Wednesday, May 27, 2009
Breathing for singing
This week I'd like you to focus on your breath. Right now, wherever you are and whatever you're doing: STOP and take a good deep breath, filling the bottom of your lungs. Then slowly release the air - as slowly as you can. By doing this simple exercise on a daily basis you are doing yourself heaps of good. The following article briefly looks at the mechanics of breathing which I hope will help you when you're singing. Also, some basic exercises to develop your breathing skills.
Your voice is made up from three parts: An Exciter, Vibrator and a Resonator. Air flow originating from the lungs excitates the vocal folds. The vibratory component is produced by your vocal folds, the resonator part is manifested within the throat, nose, mouth, head and chest. Without the initial exitation voice production cannot occur. Fundamentally all voice consists of is vibrations (sound) on a column of air, which are shaped and modified by the throat, nose, mouth, lips and tongue into speech sounds. It is this process that produces speech.

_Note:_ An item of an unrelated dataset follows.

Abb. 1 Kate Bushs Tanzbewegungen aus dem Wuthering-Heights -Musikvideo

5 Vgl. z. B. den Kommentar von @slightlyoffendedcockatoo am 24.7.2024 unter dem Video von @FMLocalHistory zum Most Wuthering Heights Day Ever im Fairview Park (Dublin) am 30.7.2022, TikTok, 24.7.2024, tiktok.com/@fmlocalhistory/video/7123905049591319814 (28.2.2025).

Respiration (breathing) is the power source for vocal fold vibration. On expiration, air is expelled out of the lungs causing the vocal cords to vibrate. Efficient use of the voice depends largely on efficient breathing and breath control.
Breathing is analogous to putting petrol into a car, the petrol being like air. The more petrol in the car the more mileage you can achieve. The lungs are physically larger at the bottom as opposed to the top, however the former portion is not always used to its fullest capacity. It is important for the voice to be fully supported by sufficient air. Usually this process is under unconscious regulation.

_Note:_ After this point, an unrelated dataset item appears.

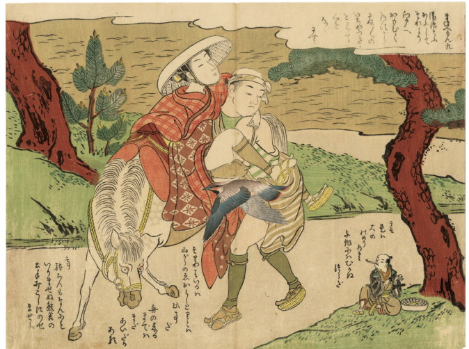
4. 九 中折 少汚れ ¥380,000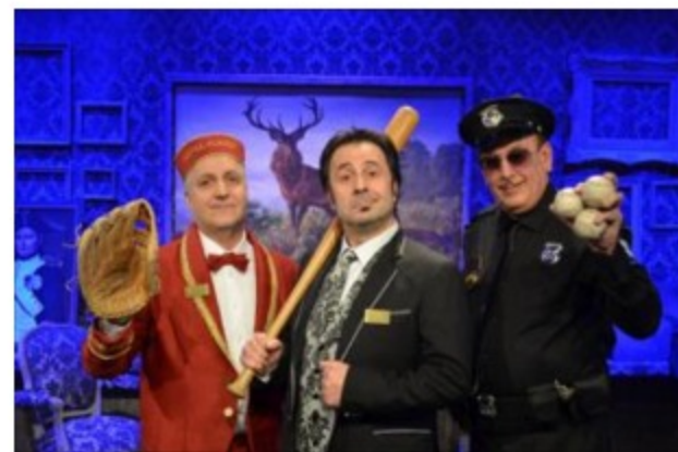
Venaria (TO) - Al Teatro della Concordia il nuovo spettacolo di Mr Forest

The amount of air is only one component that will support your voice. More importantly, the way you utilise that air will have a great effect on the voice. Just as the amount of petrol in a car is not the only factor increasing the amount of miles you can achieve, the tuning of the motor has a larger role to play, i.e. your posture and co-ordination/ control over your breathing. If you were to try and take a deep breath when slouched in a chair you would find there is a great deal of resistance from around the upper parts of the chest as the lungs expand.
You may say your breathing is fine, that it has alwaysbeen the same before your voice was affected. This may well be true, but have your voice needs increased? Have you pushed your voice too much? Are you taking any drugs or medication? Do you have any breathing difficulties e.g. asthma? Has your environment altered? Have you had any emotional or social changes or stresses? It is within these periods that your voice is vulnerable.
Exercises to try:
1. Stand or sit in front of a mirror, and monitor your breathing. Pay particular attention to what you see occurring. What is happening to your shoulders, chest, and stomach area? Do any of these area move? If so, when and how? What do you feel? Is there any tension in the chest , neck, throat or arms? Where do you feel the air going to as you take air in? Are you taking air in mainly via the mouth or nose? Try using your hands to monitor your breathing mechanism. Place one hand on your upper chest and the other hand near your stomach or midriff.
2. Try the same exercise as 1. but lying down. Is their any difference? If so, what's changed?
i) Now put a book on your stomach area, as you breathe in through the nose, try to make the book move by letting the air fill that part of the lungs. Notice how the book rises as you breathe in and how it lowers as you breathe out.
ii) Try the same exercise using the same hand placements as in 1. Notice how your hand on your chest moves less than the hand on your midriff. If this does not occur aim to get more air down lower.
3. You may find breathing low becomes easier if you place your arms out straight to the side (as if you were trying to fly), and then slowly raise your arms (keeping them straight) above your head. Feel your back lengthen - you may feel taller. Now try to take your breath as low as possible.